We know the tangent line is horizontal when y'=0. So we want to find all points on the curve where y'=0.
STEP 1: Use implicit differentiation to find y'
2x + (1*y + xy') + 2y*y' = 0 = 2x + y + xy' + 2yy' = 0
STEP 2: We are looking for where y'=0, so go ahead and plug 0 in for y' in the equation above.
2x + y + x(0) + 2y(0) = 0
y = -2x
STEP 3: Now we know that we have a horizontal tangent line whenever y=-2x. But the question is asking us "for what points." To find the points, we are looking for the points on the curve for which y=-2x.
STEP 4: When does y=-2x on the curve x^2 + xy + y^2 = 1?

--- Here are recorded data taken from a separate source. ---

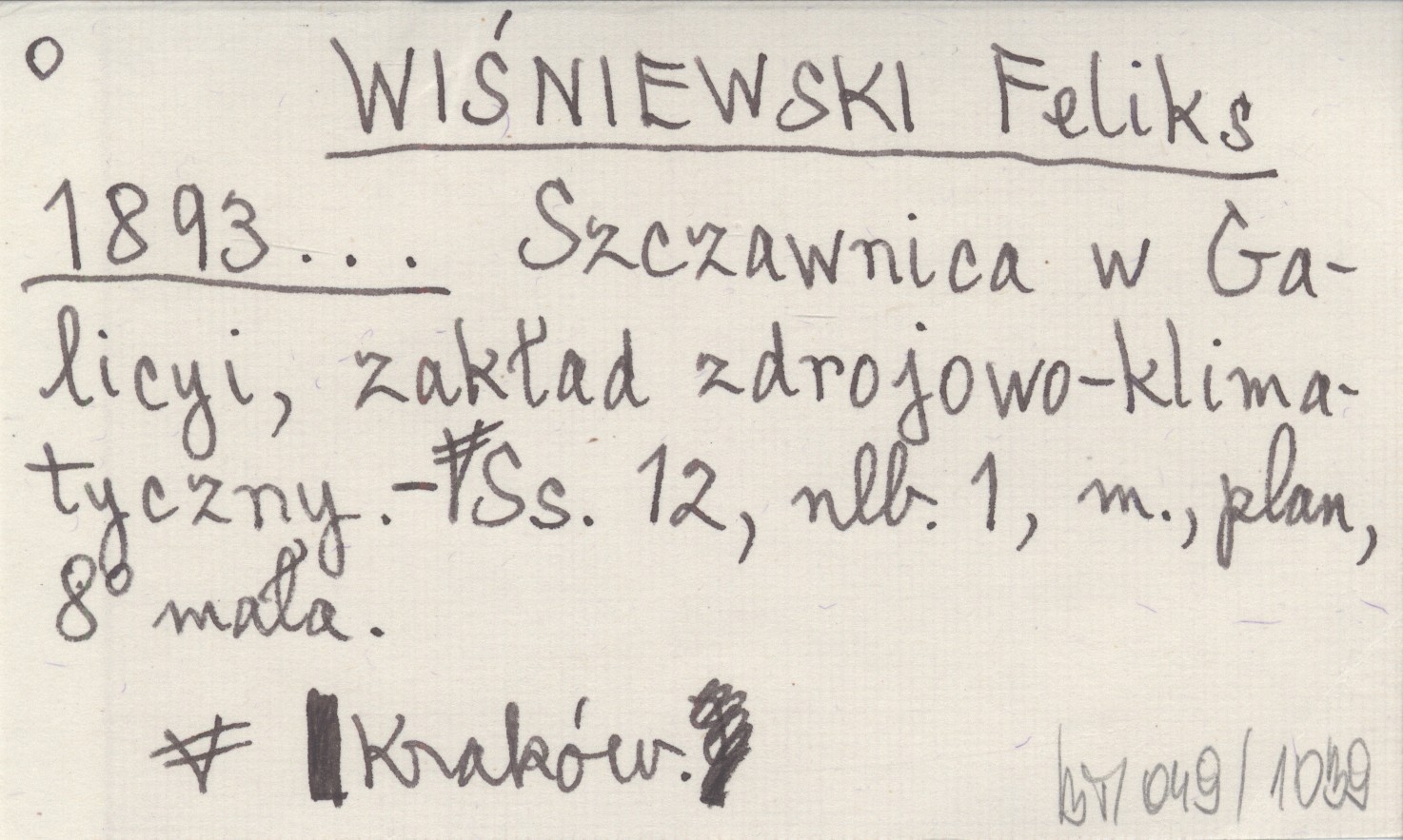 WIŚNIEWSKI Feliks 1893... Szczawnica w Galicyi, zakład zdrojowo-kąpielowy.
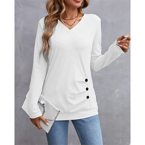 Per donna Maglietta Tinta unica Semplice Elegante Vintage Moda Manica Lunga Scollo a V Top Regolari Quotidiano Uscire Weekend Patchwork Bottoni Nero Bianco Vino Grigio chiaro Primavera Autunno
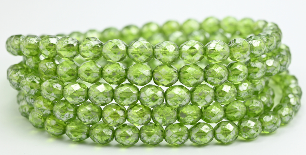 火抛光圆形刻面珠,透明绿银飞溅 (50500-86700),玻璃,捷克共和国 ~ STRANDED
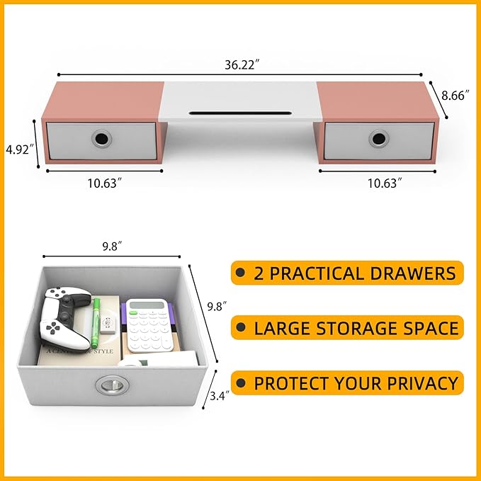 - 【Monitor Stand with 2 Drawers】Our computer monitor riser includes practicality slide-out drawers, for storing items like post-it notes, writing utensils and mobile devices.
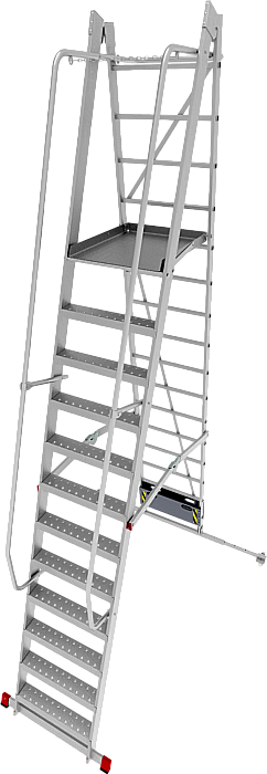 - Широкая усиленная телескопическая опорная траверса стабилизирует лестницу (в комплекте для лестниц 1х10–1х12).
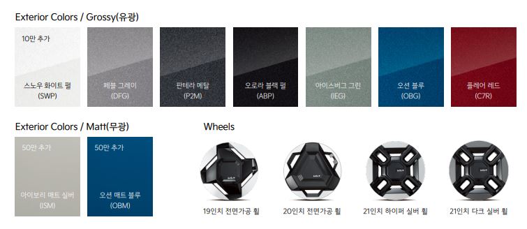 - 유광 : 스노우 화이트펄,페블그레이,판테라메탈,오로라 블랙펄,아이스버그 그린,오션블루,플레어레드
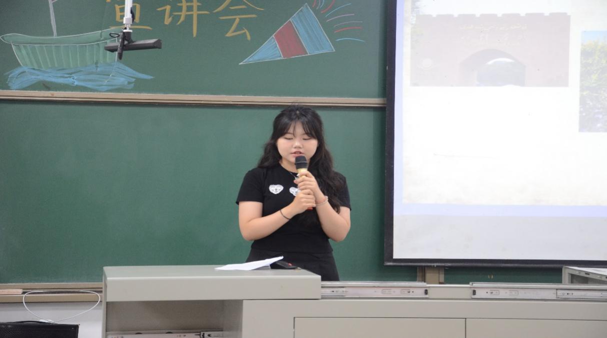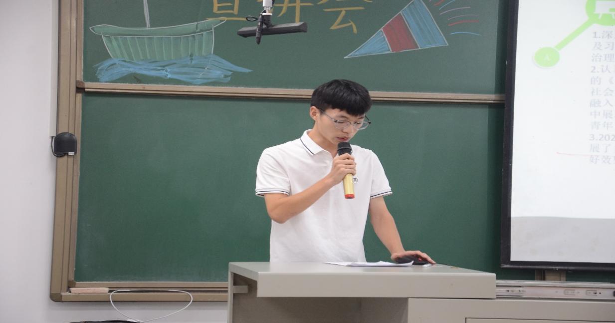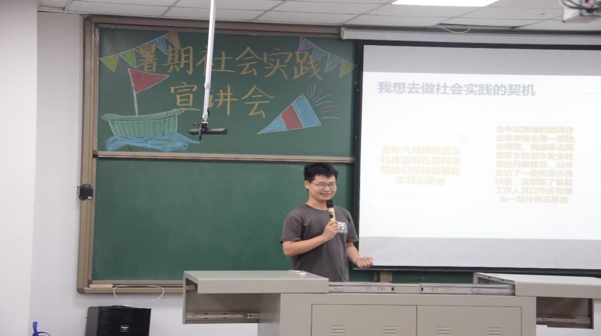 “后浪”暑期社会实践队党宇烁同学分享了他参加学院团委联合蔡甸区高湖社区开展的“暑假学堂”系列志愿服务活动。在本次活动中,志愿队通过开展地质科普讲座、暑期安全科普和心理健康教育等一系列志愿活动,同时走访社区困难家庭,为社区发展注入青年活力,展现了青年责任与担当。最后他鼓励我们积极投身社会实践中,这对我们和小朋友们的成长以及未来的发展都具有重要意义。
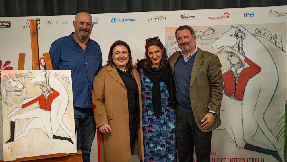 Yeguada Finca Maeza, de Sariego, ha desvelado esta mañana el cartel del Concurso de Saltos Internacional Maeza 2025, que tendrá lugar entre el 4 y el 6 de junio. Una cita muy emocionante en la que, además de la familia Bares Maestre -anfitriones del acto-, también estuvo presente la artista asturiana Breza Cecchini, autora del cartel oficial, y Toño Velasco, autor del cartel de la edición de 2024.
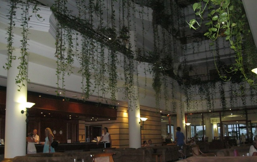 Сами отели в Протарасе имеют довольно простую архитектуру. Мне они вообще казались похожими на типичные многоэтажные, жилые дома. Гостиница, в которой мы сначала остановились, называлась Отель Анастасия. Если снаружи фасад не представляет собой интереса, то внутри - очень красивый, я бы сказала даже, шикарный холл. В нем, с каждого этажа, свисают растения (я в ботанике не разбираюсь, поэтому не знаю их названия). Сам по себе этот отель - очень классный и комфортабельный.
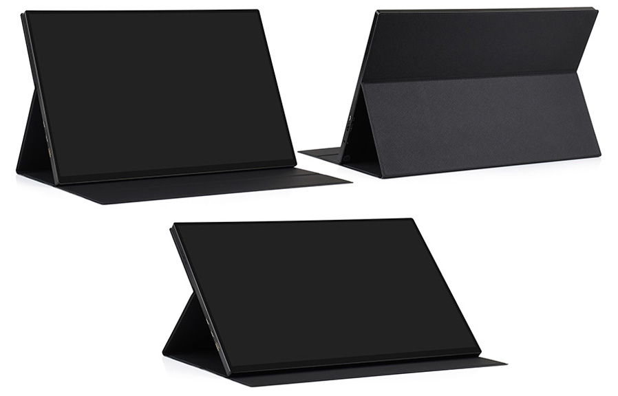 Толщина экрана составляет около 10 мм, а вес - около 1,35 кг (2,97 фунта), что немного тяжеловато для портативного дисплея, но он поставляется в комплекте со съемным чехлом, который также работает как подставка с двумя регулируемыми углами обзора. Монитор не оснащен встроенным аккумулятором, поэтому он будет получать питание непосредственно от подключенного хост-устройства или потребует специального внешнего блока питания. В качестве приятного штриха предусмотрено 75-миллиметровое крепление VESA.
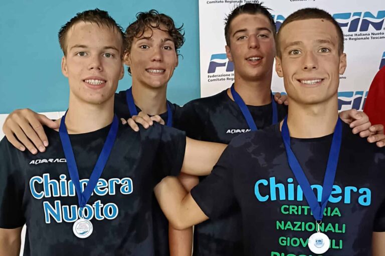 Due positivi risultati sono arrivati anche nelle staffette 4×100 stile libero femminile con l’ottavo posto di Burzi, Donati, Mazzeschi E. e Mazzeschi N., e 4×100 misti maschile con Bartolini, Ferrari, Gambini e Mealli. La squadra della Chimera Nuoto è stata infine completata da Vittoria Ermini, Anna Viola Falchi, Gaia Formelli, Tommaso Gepponi, Alessio Menchetti, Leonardo Rossi e Maria Sole Sacchetti tra i Ragazzi, e da Giulio Bracciali, Viola Calvo Pegna, Samuele Magnani, Lorenzo Menchetti e Francesco Sassoli tra gli Juniores.
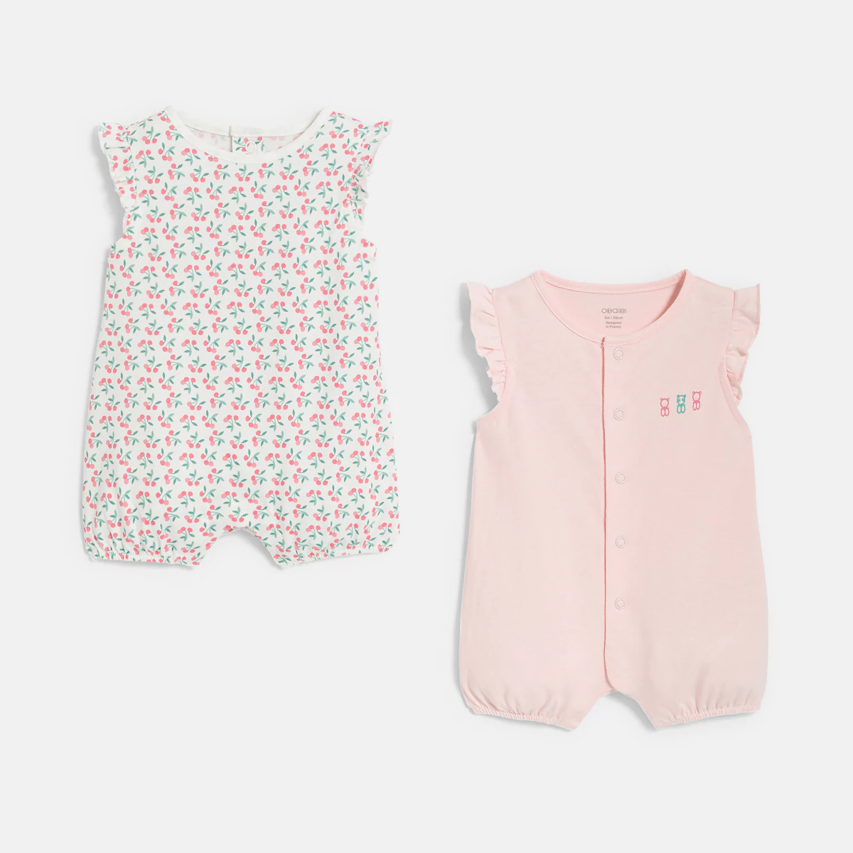 Les coquettes apprécient le confort et le style de ces combinaisons courtes ! Un modèle fleuri et un uni avec des manches courtes volantées et des cuisses élastiquées pour des journées en toute liberté. Fermeture par pressions dos ou devant en fonction du modèle.
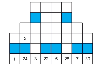请将3~29这27个数字填进方格中,使1~30每相邻两个数所在的方格之间始终保持等距,即两个方格中心点间的距离相等,该怎么填呢?
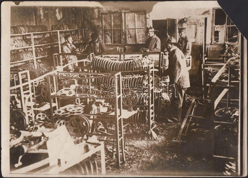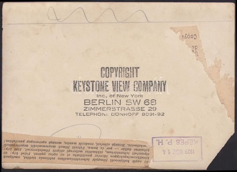 1929 Keystone: Az egyik hollywoodi filmgyár laboratóriuma kigyulladt és minden filmtekercs elégett, sajtófotó magyarul feliratozva, sarka hiányzik, publikálva a Képes Pesti Hírlapban, 13x18 cm

To solve this question, we can sub in -2x wherever we see a y in our original equation (substitution method).
x^2 + x(-2x) + (-2x)^2 = 1
x^2 -2x^2 +4x^2 = 1
3x^2 = 1
x^2 = 1/3
x = +- sqrt(1/3)
STEP 5: Now that we know the x-value of the point, we can easily find the y-value of the point because we know y=-2x where the tangent line is horizontal.
POINTS: (sqrt(1/3),-2sqrt(1/3)) and (-sqrt(1/3),2sqrt(1/3))